The amount of data in the world was estimated to be 44 zettabytes at the dawn of 2020. By 2025, the amount of data generated each day is expected to reach 463 exabytes globally. The growth is attributable to the continued digitization in our era, growing volume of apps and an expansion in outreach of the internet in the world, both geographically & demographically. There were 71.5 billion apps downloaded worldwide in the first half of 2020. By 2025, there would be 75 billion Internet-of-Things (IoT) devices in the world. As of July 2020, there were over 4.8 billion internet users in the world and by 2030, 90% of the population older than six will be online.
Imagine acting on that colossally gargantuan amount of data “as-is,” in its raw form, especially when sourced from a large set of diverse data sources. That is the promise of the Data Lake, a storage pattern for holding large amounts of data typically in its native form. The reality is that practitioners find that instead of clear water, operationalization is like attempting to see through murky quicksand. Promises of clear insights are overtaken by the turgid and muddled reality of so much unfiltered data.

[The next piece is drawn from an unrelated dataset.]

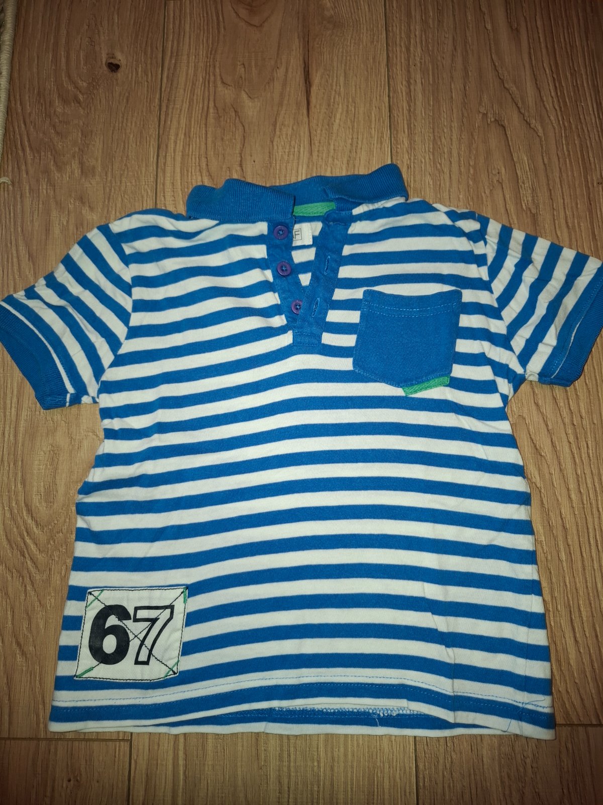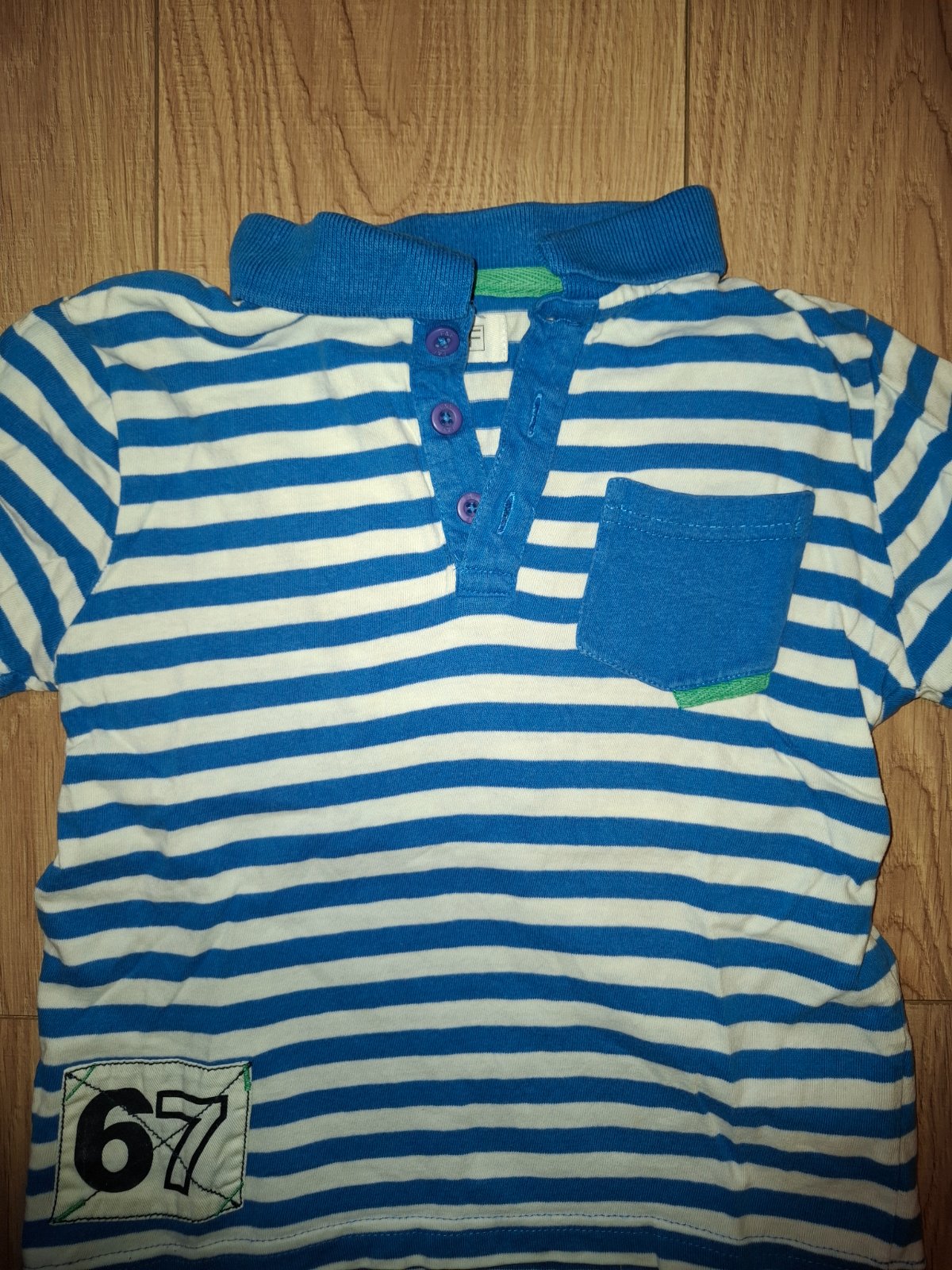 Pekne vyrazne modré tiecko, na foto take fadne,zosvetluje mi. Velkost odhadom možno aj 110, popod pazuchy 31cm a dlzka od pleca dolu 39 cm. Dino sa uz na spodku trochu puka,ale celkovo pekný dojem ...

Enterprises today have a need for acting on their data quickly. Data-driven, fast, and accurate decision-making is now critical to business success. Grappling with non-contextual, large, and often noisy data inhibits agility and momentum. The successful enterprises of tomorrow will be those that can base their decisions on high-level, contextualized representations of their data quickly, efficiently, and cost-effectively. To do this insights must be derived and context must be added. Completing numerous higher-order operations performed on raw data each time is inefficient. Imposing overly constrained or contrived schemas can result in the lowest common denominator representations of their data. Winners in this future race will also need to maintain data provenance which imparts a full data lineage as a foundational property that enables confident decision-making and proof of source and transformation processes. Data Factories preserve operational flexibility, lineage and context.
Lessons from the Past
Data Warehouse (All Hail the glorious Warehouse Schema!)
Our description of this journey is not new and there are plenty of well-documented examples from which to glean lessons. The late 1980s saw the Data Warehouse as an emerging pattern for enabling enterprise business decisions. The problem statement was similar: enterprises needed to consolidate multiple data sets from varied enterprise systems in a unified data model that offers a single lens with which to view the data and derive insights.

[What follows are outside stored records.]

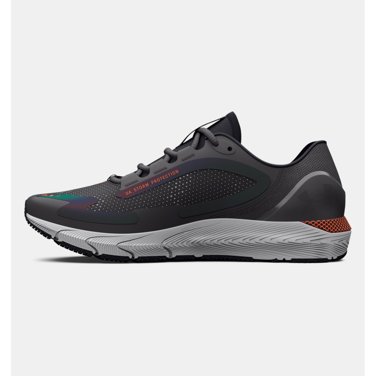 • das mit UA Storm-Technologie behandelte Obermaterial weist Wasser ab, ohne die Atmungsaktivität einzuschränken
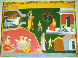 | Description / विवरण | Miniature painting based on Sarangatattva - an independent work of Sankhya school of philosophy. On the left side is the depiction of four cows sitting in a cowshed, a yogi sitting on tiger skin with three disciples, on the right is depiction of houses and women with their children. |
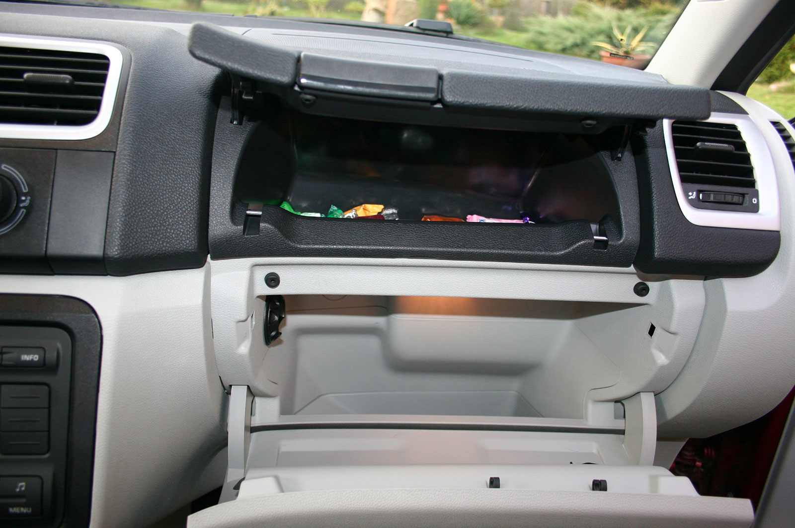 Od prostředního stupně Style byly obě schránky vybavené víky. Horní v tomto případě nemá držák na tužku a kvůli masivnímu víku je malá. Spodní má osvětlení a v případě klimatizace také uzavíratelný výdech. Spodní víko má držáčky propisky a kartiček.
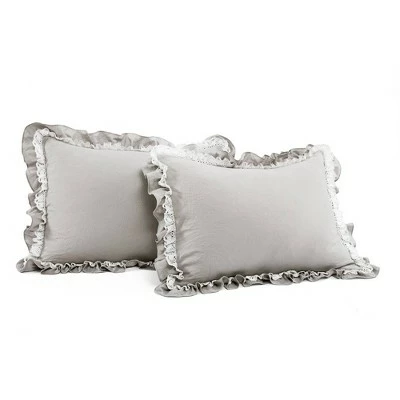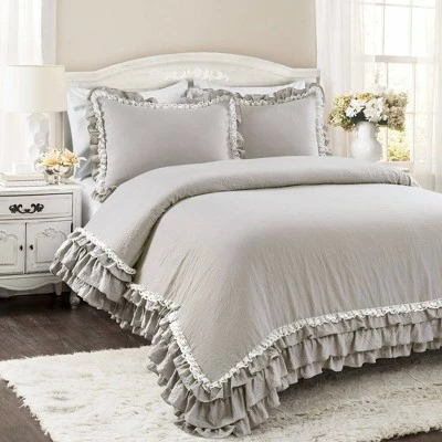 This charming Ella Shabby Chic Ruffle Lace 3 Piece Comforter Set will add a touch of feminine style to any bedroom in your home. The lace trim and layers of ruffles add flair to an otherwise minimalist look that can also fit into farmhouse, shabby chic, traditional or French Country themes. The ruffles on the comforter and the pillow shams create a whole new dimension to the bedroom. The Ella Shabby Chic Ruffle Lace 3 Piece Comforter Set has a calming effect, adding a touch of elegance and loads of style with its frilly look on solid color. The Ella Shabby Chic Ruffle Lace 3 Piece Comforter Set includes a soft and luxurious 230 GSM comforter and two matching pillow shams. The pillow shams even have the ruffled edges with the lace trim! It is available in both King and Full/Queen sizes. Due to the delicate nature of the ruffles and the lace trim, we highly recommend that you dry clean your comforter and shams. Part of the Ella Ruffle Collection. Oeko-Tex Certified.
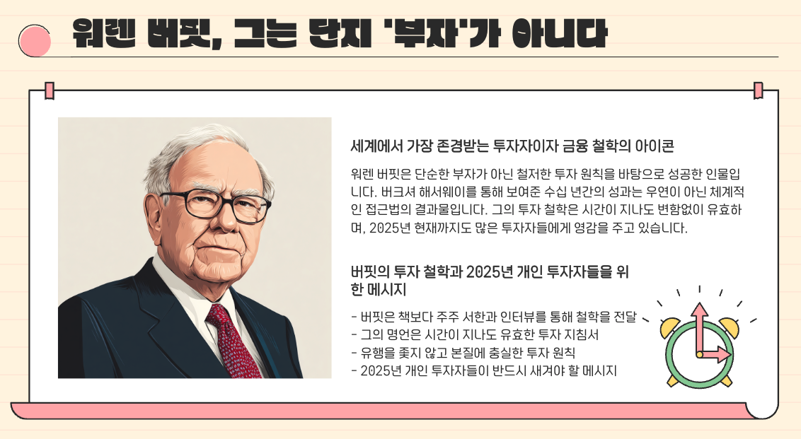 버핏은 천재지만, 그의 투자 철학은 누구나 실천할 수 있는 원칙 중심입니다.

Then and now, many organizations developed extract, transform, load (ETL) pipelines to automate the tedious work of transforming and mapping those various datasets into proprietary warehouse data models. This was once state of the art but no longer.
Herein remain the seeds of several lasting, dire and costly problems:
- Organizations assumed, incorrectly, that a single data model could cater to all stakeholders - internal and external.
- Enterprise-wide stakeholder buy-in proved elusive, often leading to a vicious cycle of deadlocks and unfulfilled “asks” across different prospective users.
- Warehouse data models were the product of one-time business analyses and did not evolve holistically as the company grew, ultimately falling prey to the inefficiencies born of piecemeal growth.
- Slow development lifecycles delayed the availability of new data and data model changes for stakeholders.
- The cost of rationalizing and normalizing all data sources into the data model added tremendous costs to data warehouse projects - even when this wasn’t necessary for all data sets and their applications.
- Waterfall style development created disasters or disasters waiting to happen with cost and time overruns.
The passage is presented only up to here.